The EHR Usability Conference presented fresh and insightful perspectives from five separate panels: Care Provider, Patient/Consumer, Vendor/Technology Developer, Measurement and Improvement, and Options Around Usability.
The most important items addressed were:
The current state of usability in healthcare applications
Accessibility standards in healthcare applications
How usability affects the well-being and lives of patients/consumers
How usability should be included in health technology certification
The roles of vendors, providers and organizations in developing usability standards and guidelines
The role of the Federal Government in producing and enforcing usability standards and guidelines
The roles of vendors, providers and patients in ensuring that delivered products are usable
Dominant opinions and recommendations from providers, consumers, developers and experts included the following.
Current usability in healthcare applications is atrocious
Difficult to navigate.
Time consuming.
Frustrating.
Cluttered and disorganized.
Unsearchable.
Leads to fatigue and ultimately burnout.
Does not adequately support disabled community.
Does not adequately support clinical workflows.
Critical information is dispersed & buried.
Recommendations to vendors
Develop streamlined methods of entering, retrieving and displaying complex data sets.
Display data from disparate sources in fewer, simpler views.
Create navigation pathways that match the workflow and thought flow of clinical work.
Design and build applications within accessibility guidelines and enable integration with accessibility hardware and software.
Support patient-centered information flow.
Provide a mechanism or process for the customer to submit feedback for rapid changes and fixes.
Allow for customizable views of varied information from multiple sources.
Modularize and increase interoperability of product offerings.
Publicize internal usability guidelines and standards.
Work closely with the clinical community to develop best practices and appropriate workflows.
Limit or change the use of structured data capture for specific workflows.
Incorporate usability personnel and best practices in product development.
Design and build products to support effective partnerships between providers across care settings, and between patients and providers.
Design and build products to support a patient-centered healthcare system.
Work with regulators to develop standards and tests to measure usability.
Recommendations to HIT professional associations and certification agencies
Develop usability standards and metrics.
Work with regulators to develop standards and tests to measure usability.
Publicly report usability comparisons across healthcare applications.
Create reporting mechanisms for the healthcare community to voice their opinions and relate their experiences with healthcare applications.
Develop methods of measuring and relating usability to “effectiveness.”
Educate and provide guidance to vendors on a user-centered design process.
Educate providers on what to look for in a user-centered design vendor.
Recommendations to provider institutions
Allocate the appropriate personnel and resources for effective application implementation.
People, systems, processes, and hardware.
“Vote with your wallets” – create the demand and pay for products with high usability standards.
Recommendations to government agencies/regulators
Work with providers and vendors to develop standards and testing as a part of certification.
Require public reporting of comparative vendor performance of usability.
Foster an innovative vendor environment by requiring interoperability at the enterprise level to allow the wholesale migration of an organization’s data from one vendor to another and requiring interoperability at the modular level so that providers can select the best combination of applications that will work together seamlessly.
Require healthcare applications to meet accessibility guidelines.
Mandate consistency in the presentation of standard data types.
Mandate a common user interface.
Promote the wealth of usability science and resources already available.
Allocate resources to get feedback on usability from providers.

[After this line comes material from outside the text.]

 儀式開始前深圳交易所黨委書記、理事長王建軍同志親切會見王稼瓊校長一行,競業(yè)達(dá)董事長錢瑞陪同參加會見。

Develop simple, best practice guidelines for providers to follow in selecting, customizing and implementing healthcare applications.

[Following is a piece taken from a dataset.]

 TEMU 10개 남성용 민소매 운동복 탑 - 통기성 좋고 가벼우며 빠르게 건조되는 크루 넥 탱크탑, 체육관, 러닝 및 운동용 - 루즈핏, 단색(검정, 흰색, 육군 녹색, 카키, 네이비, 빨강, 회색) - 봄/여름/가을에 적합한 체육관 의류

Garner best practice workflows for safety.
Develop usability quality measures that coincide with the specific practices.
Increase transparency and discussions around usability efforts.
Vicente Fernandez is “just a dude trying to make a difference in healthcare with my skills as an interaction designer.”
Workforce management technology vendor API Healthcare announced this afternoon that it will terminate its previously announced merger with Kronos. API will exercise a right contained in the January merger agreement that allows either party to terminate if regulatory approvals were not obtained by mid-May. The Department of Justice had made a second request under antitrust laws.
API President and CEO J.P. Fingado stated in the announcement, “This process has been challenging, but it has also reaffirmed that our vision for healthcare-specific workforce management is solid. During the HSR review process, we heard the strong reaction of our healthcare provider clients from across the country as they spoke out with passionate support of our solutions, services and strategy.”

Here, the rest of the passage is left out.